“Frankenweenie”: Tim Burton’s 1984 short film about a young, suburban Victor Frankenstein who resurrects his pet dog receives a big budget 3D remake. By returning to his earliest influences and making a whimsical, heartfelt tribute to the gothic horror films of his youth, Burton makes his most effecting film in years. That’s not saying much given the bland listlessness of his recent output but the film is the most Tim Burton Tim Burton movie in years. Maybe it’s because the handmade warmth that comes with stop motion animation or that the film isn’t a summer tent pole film or a reimaging of an aged piece of pop culture that didn’t need $100 million makeover or because long time Burton collaborator Johnny Depp sits this one out. It’d be too much to say that “Frankenweenie” represents a creative resurgence for the “Dark Shadows” director, after all the film is still a remake, but if he stays the course and keeps making films that only Tim Burton can make instead of being a studio hired gun, he might craft a respectable third act for his career. Featuring the voices of Charlie Tahan, Catherine O’Hara, and Martin Short.
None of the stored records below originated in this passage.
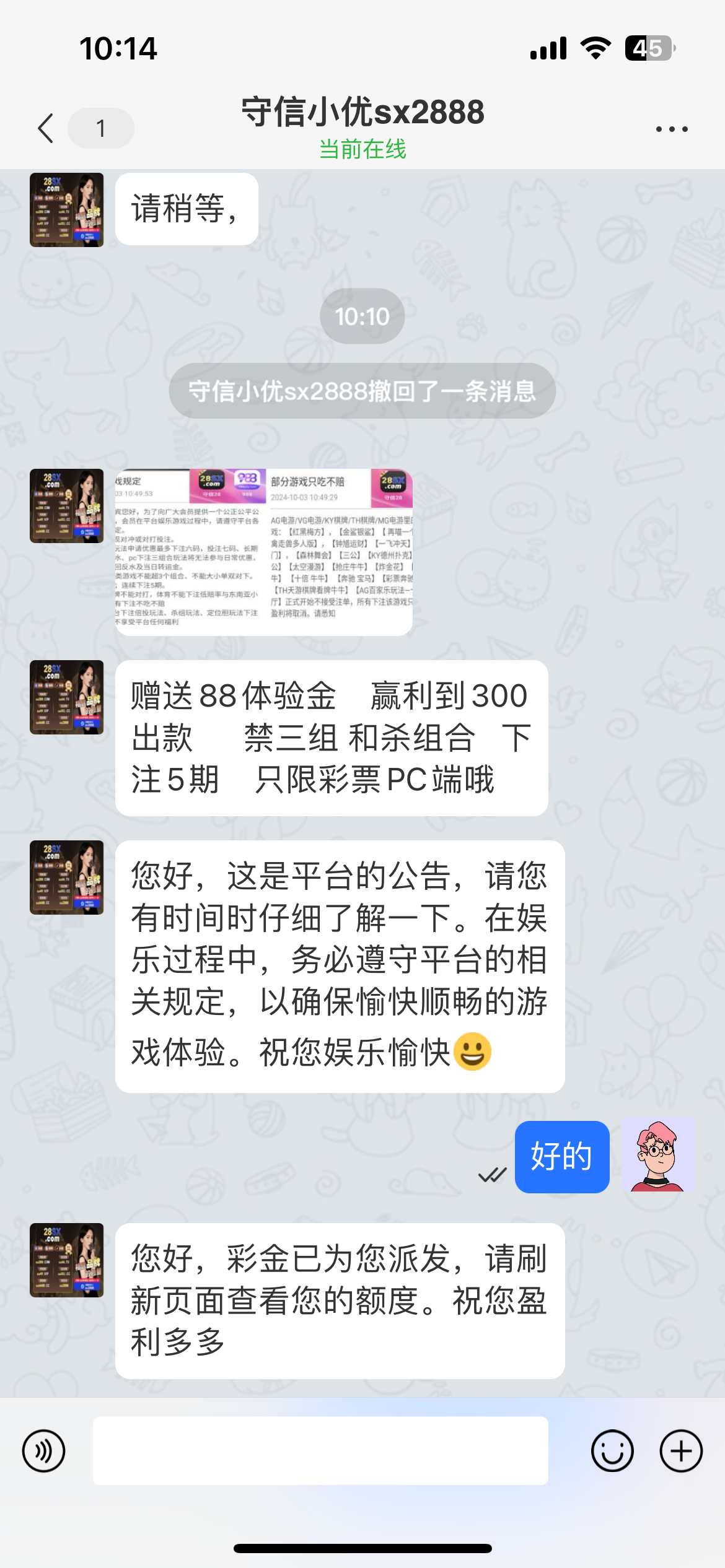 昨天申请不回信息,今天申请秒回,我送的是88
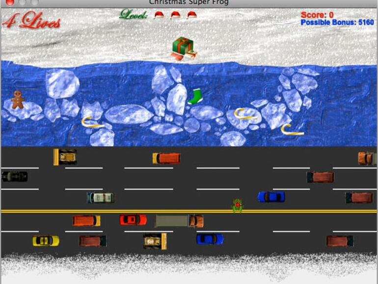 Heute ist Erholung angesagt! Und was könnte dafür besser sein als ein kleines Spielchen? Helfen Sie dem winzigen Frosch in Christmas Super Frog, die über die ganze Stadt verteilten Geschenke einzusammeln, die der Weihnachtsmann doch tatsächlich verloren hat. Eine wichtige Aufgabe - tausende, ja, Millionen von Kindern stünden sonst ohne am Heiligabend ohne Geschenke da! Aber Vorsicht: Das Überqueren von Straßen ist riskant - denn Autofahrer im Dezember-Stress bremsen nichtmal für Weihnachts-Frösche in wichtiger Mission ...
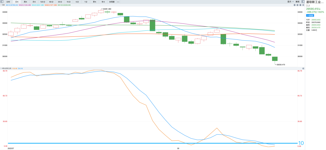 所以,对于沪深300和深圳成份指数的技术极值状态,也都具备积极看待会产生的反攻行情。基于此,同样的方法研究,我们在美股市场,也得到同样的结论,而且在道琼斯指数和纳斯达克指数上,均满足这一关系。
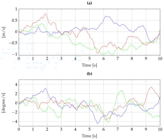 Disturbances for linear and angular velocity: (a) (green), (blue), (red), (b) (green), (blue), (red).
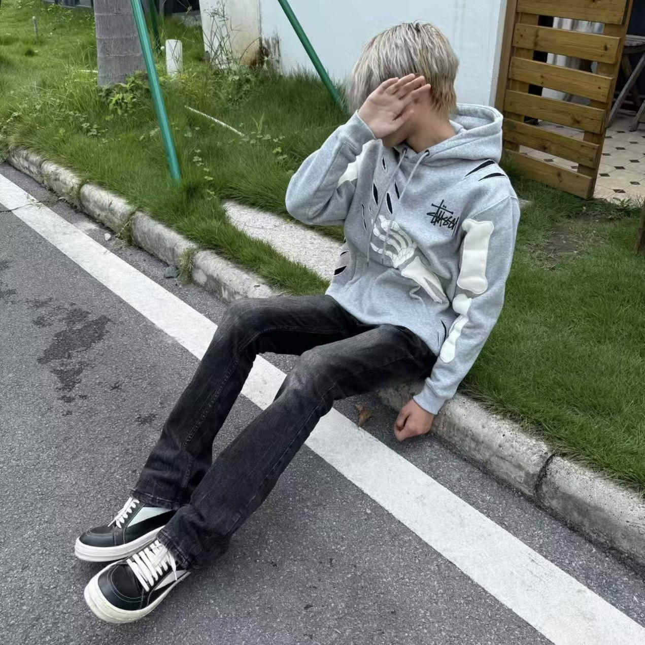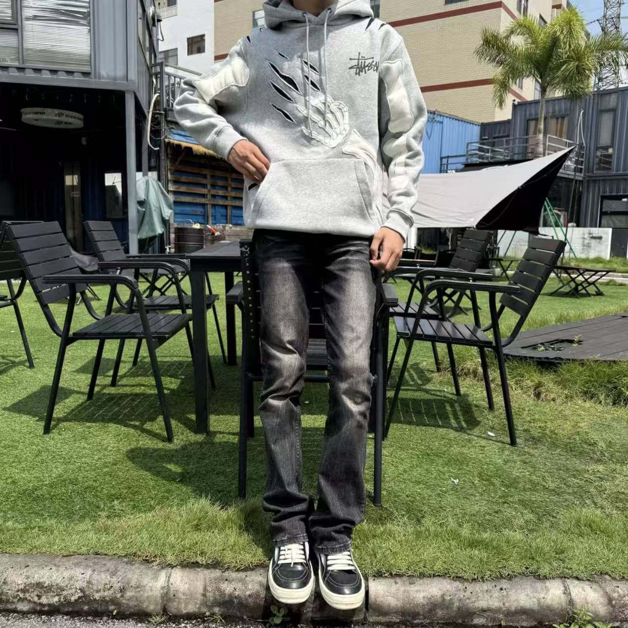 潮 手骨头刺绣重工重磅宽松百搭连帽卫衣男女款 美式 高街斯图家新款

Special features: A digital copy of the film, a 3D presentation of the film, a music video, an all-new short, the original “Frankenweenie” short, and one featurette.
“Dredd”: Adaptation of John Wagner and Carlos Ezquerra’s long running 2000AD comic strip “Judge Dredd”, wherein the title character (Karl Urban), a supremely hard-core lawman, plays judge, jury, and executioner in futuristic dystopia. As with most comic book adaptations, the film is really just a mélange of elements including a relatively faithful representation of the main character, a comic book flavored visual aesthetic, and mix bag narrative drawn from the property’s decades long history. While having its lunch eaten by thematically similar “The Raid: Redemption” and suffering from an over reliance on slow motion, color saturated SFX, the film is an entertaining pop art actioner that’s anchored by strong leading performances from Urban and co-star Olivia Thirlby. “Dredd” is a rare film that could have used a bit more senseless violence. Read my full review here. Also starring Wood Harris, Lena Headey, and Domhnall Gleason.
Special features: A digital copy of the film, a 3D presentation of the film, a motion comic prequel and seven featurettes.
“House at the End of the Street”: Elizabeth Shue moves her young daughter (Jennifer Lawrence) into a cheap house in a nice neighbor, foolishly expecting the fact that the house was massively discounted because years earlier it had been the site of a brutal multiple homicide. As with every other horror that’s shared this premise, things get pretty rough on the home’s new occupants. The film is a typical piece of C grade schlock that just happens to star a newly minted A lister, its only notable quality being how egregiously it sexualized Lawrence. Also starring Max Thieriot, Gil Bellows, and Eva Link.
Special features: An unrated version of the film.
“Hit & Run”: Dax Shepard writes, stars, and co-directors this ‘70s throwback action comedy about a witness protection attendee (Shepard) who leaves the program to help his girlfriend (Kristen Bell) get to an out-of-state job interview, which sets his vengeful old crew chief (Bradley Cooper) after him. While not a groundbreaking genre revival, the film is a charming road movie with a more than a few, largely unseemly laughs. Clearly the film is passion project for Shepard but it could have benefited from a less laid back, more assured leading performance. Like “Pineapple Express”, the film places an everyday schlub in an action movie context to comedic effect and it works better in this film then it did there but it’s still unfulfilling to watch uncharismatic lead bungle through standard action tropes. Also starring Kristen Chenoweth, Tom Arnold, and Beau Bridges.
Special features: A digital copy of the film, deleted scenes, and three featurettes.
“Stolen”: Nicolas Cage stars as an ex-thief whose estranged daughter is kidnapped by his deranged ex-partner (Josh Lucas) who demands that he produce the ten million dollars they stole on their last job. Of course Cage doesn’t have the money and is forced to rob a bank to get the money which is a premise that would have might have made for an exciting action movie in the hands of a director like Pierre Morel or the Neveldine/Taylor team but “Stolen” is directed by hack action filmmaker Simon West so it has all the intelligence and visual dynamism of a ‘90s Sprite commercial. Hopefully, Cage will sort out his financial situation soon so he can stop saying yes to every single script that crosses his agent’s desk. Also starring Malin Ackerman, Danny Huston, and Samu Gayle.
Special features: A digital copy of the film, a making of and two featurettes.